Ve Kore Savaşı'ndan bu yana ilk kez bir ABD Başkanı ile Kuzey Kore Devlet Başkanı görüşmüş oldu. 38 dakika süren ikili görüşmede, taraflar bir anlaşma imzaladı, ancak anlaşmanın ayrıntıları henüz açıklanmadı. Amerika nükleer silahsızlanmanın kalıcı olmasını talep ederken, KDHC ekonomik ambargonun gevşetilmesini istiyor. İmzalanan metinle birlikte, ABD Dışişleri Bakanı ile Kuzey Koreli bir yetkili yeni işbirliğinin detaylarını belirlemek için müzakerelere başlayacak. Güney Kore'de bulunan ABD askeri yığınağı için ABD, “Askeri kapasitelerimizi bugün azaltmayacağız. Bir noktadan sonra evet, ama henüz değil” diyerek yançizdi. Bununla birlikte, Güney Kore ile ortak askeri tatbikatlara son vereceklerini açıkladı.

Trump, Washington'a döner dönmez bir açıklama yaparak, "Artık Kuzey Kore bir nükleer tehdit değil. Şimdi herkes kendini daha güvende hissedebilir. Kuzey Kore bizim için artık en büyük ve en tehlikeli problem değil” dedi.

KDHC basını da Trump'ın verdiği tavizleri Pyongyang için bir kazanım olarak nitelendirerek, görüşme için "yüzyılın toplantısı" dedi. Bu arada, Kuzey Kore'de tutuklu ABD vatandaşları serbest bırakılarak evlerine gönderildi.

-Buraya birkaç not daha ekleyelim: Trump'ın görüşmeler boyunca Kim'e yapmaya çalıştığı “samimi” yaklaşımlar, Kim'in olanca ciddiyetiyle geri durmasıyla karşılandı. Trump evine döndüğünde, Kim konuşurken halkının pür dikkat onu dinlediğini,kendisinin de Amerikalılar tarafından böyle dinlenmek istediğinden yakınıyordu...

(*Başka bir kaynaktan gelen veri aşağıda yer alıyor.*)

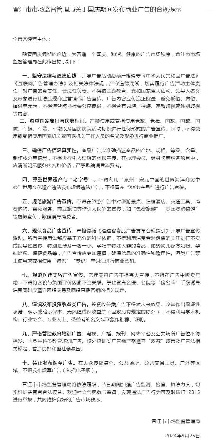 【消费提示】晋江市市场监督管理局关于国庆期间发布商业广告的合规提示

Görüşmelerin ardından BMGK nezdinde girişimde bulunan Rusya, Kuzey Kore’ye yönelik ekonomik yaptırımların aşamalı olarak kaldırılması çağrısı yaptı. Çin Halk Cumhuriyeti de yaptırımların aşamalı olarak kaldırılmasını istedi.

Ancak ABD yönetimi ekonomik yaptırımların kaldırılması için, Kuzey Kore’nin nükleerden arınmaya yönelik gerçekçi ilerlemeler sağlamasının beklenmesinde ısrarcı.

Zaman, devrimin lehine işlemeye devam ediyor. Emperyalist kapitalist sistemin içinde olduğu bunalım, yaşadığı çelişkiler, sosyalizmi daha güçlü bir alternatif olarak öne çıkarıyor. Çok da uzun olmayan bir gelecekte, Kore Yarımadasının bütününün kızıl bayraklarla donatılacağını göreceğimizden Kim Jong Un gibi eminiz.